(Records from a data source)
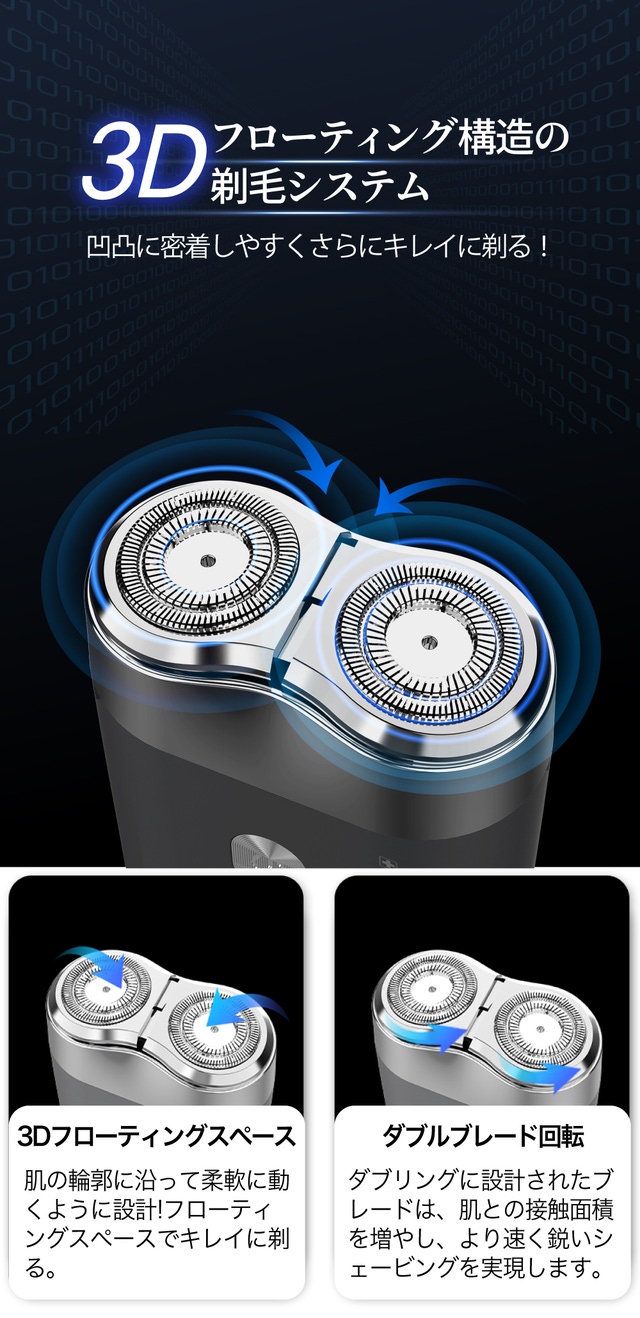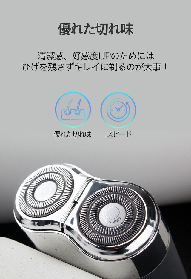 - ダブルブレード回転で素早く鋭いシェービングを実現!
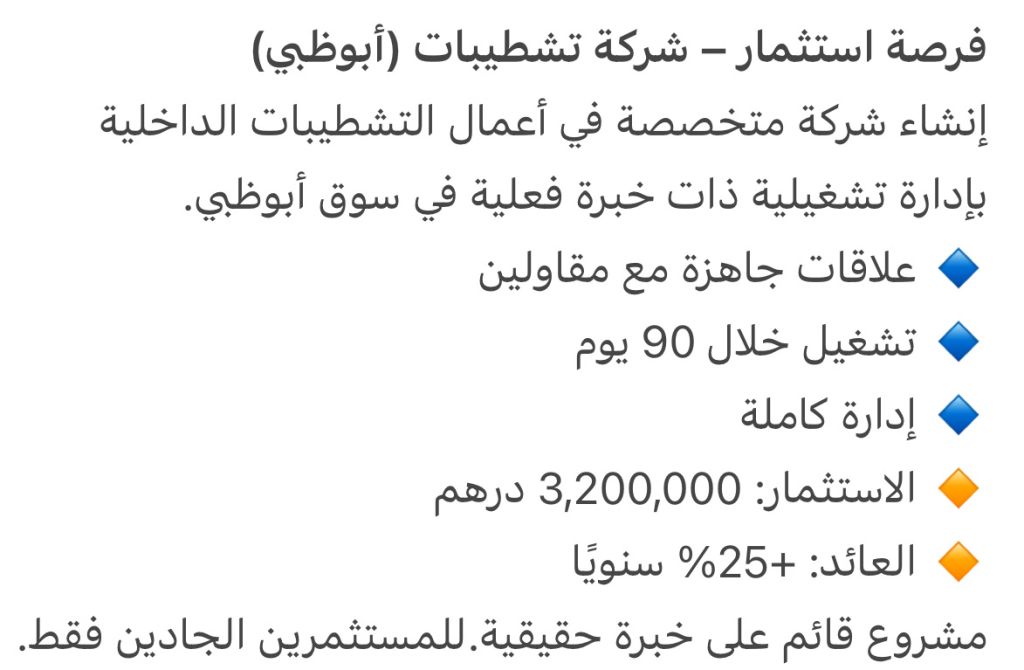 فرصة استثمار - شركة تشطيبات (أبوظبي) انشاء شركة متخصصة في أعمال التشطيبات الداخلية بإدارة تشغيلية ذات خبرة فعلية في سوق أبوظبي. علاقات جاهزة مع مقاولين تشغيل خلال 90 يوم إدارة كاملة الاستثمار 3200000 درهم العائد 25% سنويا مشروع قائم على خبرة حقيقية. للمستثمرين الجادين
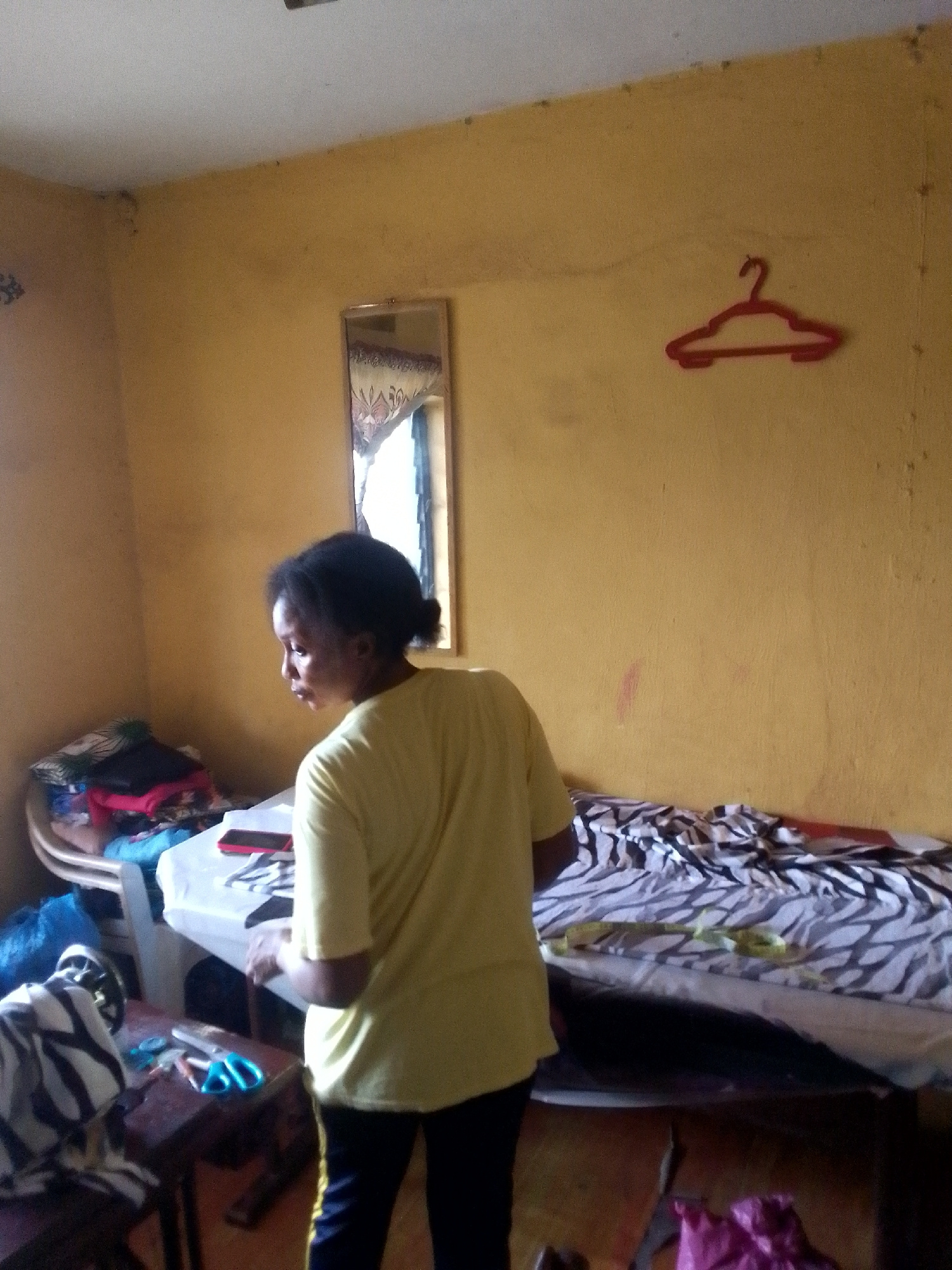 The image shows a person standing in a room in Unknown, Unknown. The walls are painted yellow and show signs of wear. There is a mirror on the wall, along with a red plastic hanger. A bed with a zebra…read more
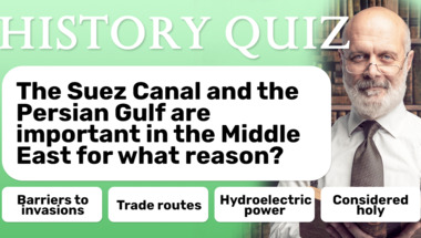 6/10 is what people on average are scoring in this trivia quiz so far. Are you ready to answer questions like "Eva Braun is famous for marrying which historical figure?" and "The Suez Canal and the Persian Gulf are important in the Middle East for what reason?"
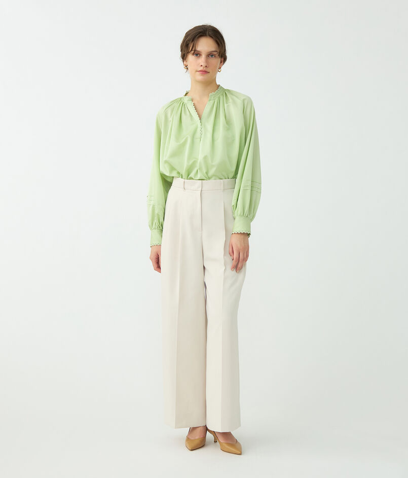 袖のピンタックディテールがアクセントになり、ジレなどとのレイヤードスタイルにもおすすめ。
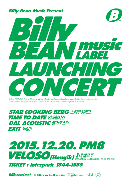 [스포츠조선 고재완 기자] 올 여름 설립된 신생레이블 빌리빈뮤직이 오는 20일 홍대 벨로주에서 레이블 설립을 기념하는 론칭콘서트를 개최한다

WHAT IS EXPECTED -
From the records above, extract the lines from the one holding "6/10 is what" through the one holding "袖のピンタックディテールがア", word for word; omit the pictures.

RESULT OF THIS TASK -
 6/10 is what people on average are scoring in this trivia quiz so far. Are you ready to answer questions like "Eva Braun is famous for marrying which historical figure?" and "The Suez Canal and the Persian Gulf are important in the Middle East for what reason?"
 袖のピンタックディテールがアクセントになり、ジレなどとのレイヤードスタイルにもおすすめ。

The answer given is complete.